The term 'Fractionated Radiosurgery' commonly appears in various studies or conferences. In reality, with present classifications, it should be 'Stereotactic Radiotherapy'. Before Frameless Radiosurgery was defined, it was always 'Single fraction treatment', whether LINAC or Gamma Knife. Relocatable frames and image verification during treatment enabled and refined Frameless Radiosurgery. To make a consensus, ICRU defined Fractionated Treatment as 'fractionated radiosurgery when fractions are 5 or less'. However, there were others categorized like Staged radiosurgery for Dose Staging and Volume Staging, but both were single fractions. Fractionated radiosurgery is mostly used for Stereotactic Body Radiation Therapy (SBRT).
In March 2020, DEGRO (The German Society for Radiation Oncology), a working group for Radiosurgery and Stereotactic Radiotherapy, and the DGMP (The German Society for Medical Physics), a working group for Physics and Technology in Stereotactic Radiotherapy, came to a consensus where the term 'Radiosurgery' was defined as only for intracranial treatments. (Strahlenther Onkol (2020)196:417–420 )
Stereotactic radiosurgery (SRS) as a treatment of intracranial malignant or benign tumours and functional or vascular disorders with one single irradiation fraction.
Fractionated stereotactic radiotherapy (FSRT) as a treatment of intracranial malignant or benign tumours and functional or vascular disorders.
Stereotactic body radiotherapy (SBRT) as a treatment of extracranial malignant or benign tumours and functional or vascular disorders.
Generally, Stereotactic Radiotherapy is defined as
"a method of percutaneous external beam radiotherapy, in which a clearly defined target volume is treated with high precision and accuracy with a biologically high radiation dose in one single or a few fractions with locally curative intent".

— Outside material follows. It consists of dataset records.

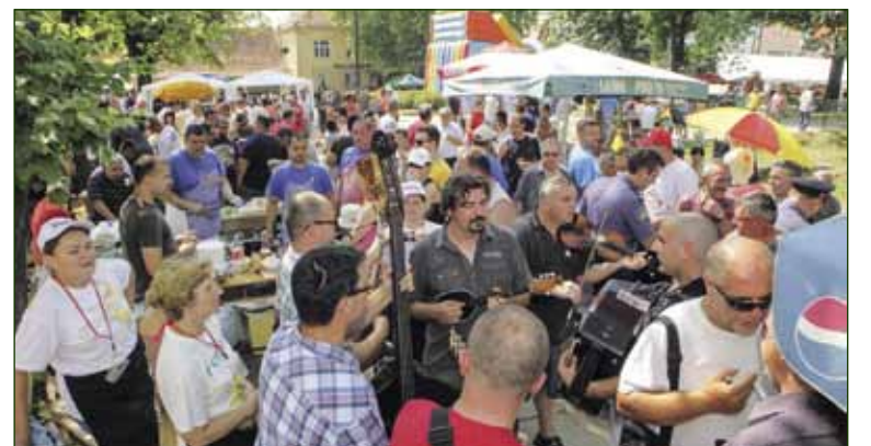
Ivanec kuha manifestacija je namijenjena druženju i dobrom štimungu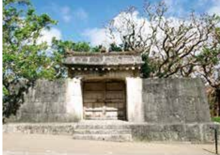
園比屋武御嶽石門 国王が出かける時に、旅の安全を祈った場所 【所在地】那覇市 【連絡先】098-917-3501 那覇市文化財課協力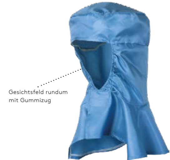
Gesichtsfeld rundum mit Gummizug

Material: HABETEX® REINRAUM-VISKOSE / Grammatik ca. 135 g/m 2 Artikelnummer: 06013 77005 000 53 Fertigteilgewicht: ca. 70 g Farbe: grau Größe: Einheitsgröße Tragekomfort: ★ ★ Industrierwäsche: ★ ★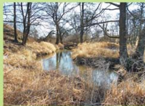
Meandry Balinky v klidové zóně.

Devětsíl lékařský ( Petasites hybridus Linné) je vytrvalá rostlina z čeledi hvězdicovitě. Je to léčivá rostlina. Není ohroženým druhem naší flóry.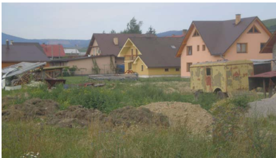
Výstavba rodinných domov

V obci a jej bezprostrednom okolí sa nachádza nákupné stredisko, ktoré je súčasťou reťazca COOP Jednota, pohostinské zariadenie nižšej cenovej skupiny a zaujímavo riešené reštauračné zariadenie Koliba.

Unfortunately, the term 'Radiosurgery' is still used loosely used for fractionated treatment in modern radiation machines which claim to be stereotactic enabled. There is no standardization as they convert a regular, single fraction dose to multiple fractions with their own judgment and call it 'radiosurgery'. Ideally, there should be a single fraction to call it radiosurgery. The most common argument is dose escalation without a fair idea about how it will help in improving the result.
Split-dose recovery (also known as Elkind recovery) is defined as causing a decrease in the radiation's effect i.e. if a single dose is split into two fractions separated by time. Split-dose recovery has been described in several cell systems and is at least partly due to the repair of single and double stranded DNA breaks.
It is a known fact that every time we add a fraction, there are more chances for the cell to survive, and that is the main reason for increasing the dose when fractionation is applied. It may be of some importance for large malignant tumours, but fractionation for small benign tumours is absolutely not supported by science. I wish to add here that this decision is not about machines, as all modern machines (Gamma Knife [Elekta AB, Stockholm, Sweden], CyberKnife [Accuray Inc., Sunnyvale, CA, USA], Edge [Varian Inc., Palo Alto, CA, USA] & ZAP-X [Zap Surgical, California USA] and Versa HD [Elekta AB]), are capable of single fraction accurate delivery. Then why Fractionation? Does science support it?
For the same α/β ratio, dose escalation while increasing number of fractions does not improve the Biological Equivalent Dose (BED). Hence, if you fractionate, dose escalation doesn't yield a better outcome. A single fraction is more superior to fractionation.